Già il 16 agosto del resto, mentre cominciavano a dilagare le proteste di piazza contro Lukašenko in Bielorussia, Francesco aveva affermato: “Seguo con attenzione la situazione post elettorale e faccio appello al dialogo, al rifiuto della violenza e al rispetto della giustizia e del diritto”. Dove l’accento, oltre che sul dialogo, cadeva sul rispetto del “diritto” e della “giustizia” quale strada maestra per scrivere pacificamente una pagina di libertà nel paese dell’Europa orientale. Ancora, nel corso dell’udienza generale del 2 settembre, dedicata in parte alla crisi libanese, il pontefice affermava fra le altre cose: “Domando ai politici e ai leader religiosi di impegnarsi con sincerità e trasparenza nell’opera di ricostruzione, lasciando cadere gli interessi di parte e guardando al bene comune e al futuro della nazione”. Un riferimento chiaro ai due mali che stanno distruggendo la democrazia libanese: l’etnonazionalismo delle diverse comunità religiose, legato spesso a interessi esterni al paese, e la grande piaga della corruzione che nutre e dà sempre nuova linfa alle diverse fazioni in lotta fra di loro per il controllo del Libano. In tale contesto anche la chiesa era chiamata in causa dal papa: “A voi, vescovi e sacerdoti chiedo zelo apostolico; vi chiedo povertà, niente lusso, povertà con il vostro povero popolo che sta soffrendo. Date voi l’esempio di povertà e di umiltà. Aiutate i vostri fedeli e il vostro popolo a rialzarsi ed essere protagonisti di una nuova rinascita”.

Due missioni diplomatiche
In questa prospettiva non ci sono però solo gli appelli del papa e i suoi ripetuti interventi: dalla Santa Sede è partita anche una importante azione diplomatica. Ha cominciato il segretario di stato, cardinale Pietro Parolin, che è volato a Beirut lo scorso 3 settembre (il papa aveva indetto una giornata di preghiera e di digiuno per il Libano per il 4 settembre, a un mese dall’esplosione). Il cardinale, celebrando la messa nella chiesa di Nostra Signora di Harissa di fronte a un gruppo di giovani cristiani, aveva affermato: “La ricostruzione del Libano non avverrà solo a livello materiale. Beirut, ‘madre delle leggi’, rinascerà dalle sue ceneri assistendo alla nascita di un nuovo approccio alla gestione della cosa pubblica, la res publica. Nutriamo tutti la speranza che la società libanese si baserà maggiormente sul diritto, i doveri, la trasparenza, la responsabilità collettiva e il servizio del bene comune”.

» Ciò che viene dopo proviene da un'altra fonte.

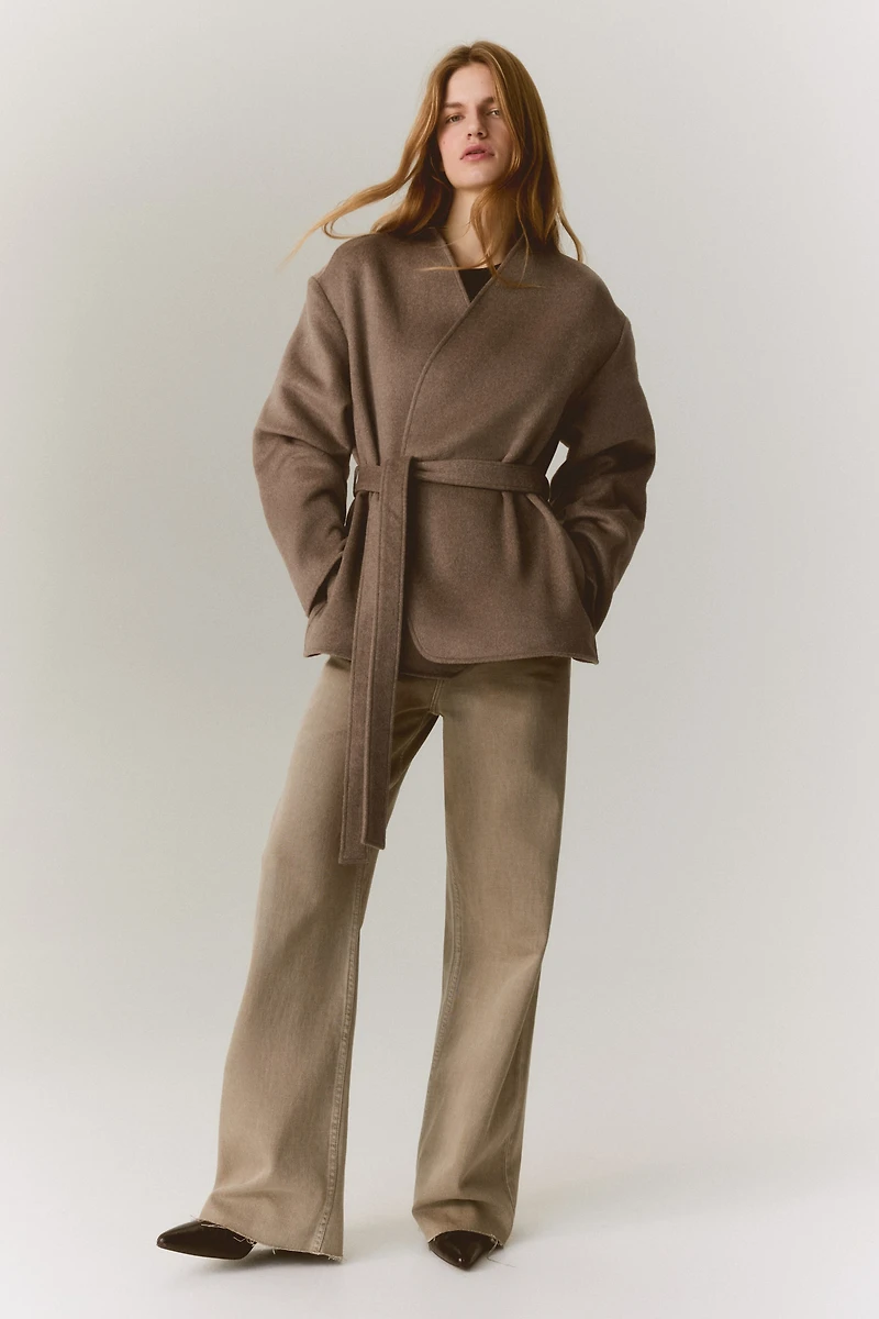 Short coat in felted fabric. Wrapover front, removable tie belt at waist, and discreet side pockets. Dropped shoulders and long sleeves. Unlined.

I molti colloqui avuti dal segretario di stato nel paese dei cedri, il ruolo attivo giocato nella crisi dal cardinale Béchara Raï , patriarca della chiesa maronita (in comunione con Roma), che chiedeva un’inchiesta internazionale sull’esplosione al porto e un nuovo esecutivo in piena discontinuità con i precedenti governi libanesi, gli aiuti materiali fatti arrivare dal Vaticano, hanno mostrato un protagonismo diplomatico della Santa Sede simile a quello mostrato dal presidente francese Emmanuel Macron, con una certa intesa sui temi di fondo tra Vaticano e Francia. Difficile sarà tuttavia per il Libano uscire da una logica di spartizione del potere su base confessionale che occupa da molti anni il sistema politico istituzionale.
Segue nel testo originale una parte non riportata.